# Um not getting ht ewhole mineral and bakon soda thing???



## Arabiansnob (Nov 1, 2010)

Gonna breed my goats ....and i here talk about this mineral stuff .....and baken soda ?? just regualar please tell me about this.......and i juts feed my goats sweet feed and straight oats .....


----------



## warthog (Nov 1, 2010)

In addition to their feed, goats need minerals free choice.  If you can get a loose mineral specifically for goats, that's what you need.  If not I think most people, I certainly do use a cattle mineral.

Now mine won't eat the loose mineral, I use the mineral block, there are lots who would not recommend using a block, but it works fine for me.

Some have baking soda free choice also, to help prevent bloat.  I used to, don't anymore, there was more wasted and eaten, and I think they just eat it for the salt.  Which if they have minerals free choice, they will get the salt from that.

Just my experience.


----------



## Arabiansnob (Nov 1, 2010)

warthog said:
			
		

> In addition to their feed, goats need minerals free choice.  If you can get a loose mineral specifically for goats, that's what you need.  If not I think most people, I certainly do use a cattle mineral.
> 
> Now mine won't eat the loose mineral, I use the mineral block, there are lots who would not recommend using a block, but it works fine for me.
> 
> ...


So where can i get this mineral stuff??   Blue seal feed store?? and do i just use regular baking soda ?? and mix these 2 things together??


----------



## ksalvagno (Nov 1, 2010)

Usually your feed store has goat minerals. You want to find a mineral with the highest copper content possible. I use Sweetlix Meatmaker Goat Mineral and it has 1750ppm copper in it. You don't have to give them baking soda free choice. Some people do, some don't. You would have that separate from the mineral. Don't mix them. Just put a little bit of mineral out that they would eat in a day. You will have to try different amounts until you figure it out. They like fresh mineral.
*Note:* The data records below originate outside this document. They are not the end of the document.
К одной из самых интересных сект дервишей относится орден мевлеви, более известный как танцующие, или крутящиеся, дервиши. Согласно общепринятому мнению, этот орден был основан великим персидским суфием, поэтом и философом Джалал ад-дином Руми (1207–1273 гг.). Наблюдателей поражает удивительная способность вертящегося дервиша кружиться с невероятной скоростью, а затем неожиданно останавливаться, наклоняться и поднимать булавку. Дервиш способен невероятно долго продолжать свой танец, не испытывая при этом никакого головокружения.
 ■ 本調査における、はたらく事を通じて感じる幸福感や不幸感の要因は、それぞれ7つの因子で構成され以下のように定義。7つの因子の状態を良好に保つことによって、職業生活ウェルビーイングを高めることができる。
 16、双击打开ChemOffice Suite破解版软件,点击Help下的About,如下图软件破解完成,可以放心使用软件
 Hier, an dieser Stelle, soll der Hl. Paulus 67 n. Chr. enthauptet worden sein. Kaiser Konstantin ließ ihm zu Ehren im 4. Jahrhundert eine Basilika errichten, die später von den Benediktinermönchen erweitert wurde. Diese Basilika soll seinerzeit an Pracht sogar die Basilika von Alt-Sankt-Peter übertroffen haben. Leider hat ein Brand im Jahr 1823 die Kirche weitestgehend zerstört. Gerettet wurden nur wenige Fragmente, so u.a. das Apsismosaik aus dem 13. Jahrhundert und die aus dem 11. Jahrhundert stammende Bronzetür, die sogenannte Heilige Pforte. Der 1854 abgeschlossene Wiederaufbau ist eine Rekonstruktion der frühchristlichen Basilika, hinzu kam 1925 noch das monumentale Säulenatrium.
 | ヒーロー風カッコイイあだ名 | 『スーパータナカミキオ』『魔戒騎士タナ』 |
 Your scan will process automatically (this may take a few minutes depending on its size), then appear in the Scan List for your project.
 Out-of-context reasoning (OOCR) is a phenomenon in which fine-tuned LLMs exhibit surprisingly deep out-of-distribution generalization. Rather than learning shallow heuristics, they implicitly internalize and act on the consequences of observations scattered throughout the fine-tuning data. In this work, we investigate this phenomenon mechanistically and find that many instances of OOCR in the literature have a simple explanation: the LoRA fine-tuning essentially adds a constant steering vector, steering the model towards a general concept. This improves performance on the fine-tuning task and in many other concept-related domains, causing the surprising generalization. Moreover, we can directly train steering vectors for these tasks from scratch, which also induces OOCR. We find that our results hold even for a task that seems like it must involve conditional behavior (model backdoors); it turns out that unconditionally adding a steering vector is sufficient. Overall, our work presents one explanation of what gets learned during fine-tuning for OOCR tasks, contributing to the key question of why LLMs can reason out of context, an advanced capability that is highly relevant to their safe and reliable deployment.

Also make sure that it is a loose mineral and not the blocks.


----------



## dhansen (Nov 2, 2010)

The problem I have with the minerals is that my LDG LOVES them and will guard them.  Needless to say, my goats don't get any!  I keep a bowl tied to the fence with regular baking soda and my goats eat it almost daily.  It's cheap and an easy preventative when they are eating lots of green pasture grass.


----------



## ChksontheRun (Nov 2, 2010)

I keep both available all of the time.  When we first got the goats and they had different forage than what they were used to, they really used the baking soda.  Now that they are on hay and a little oats with minimal forage, they dont use it as much.  As for the mineral, mine eat it in fits and spirts.  None gone for 2 weeks, then they eat it all gone in a day.  I add more thinking they surely want more, and it sits again.  They seem to know what they need.  I will continue to keep it available I believe.


----------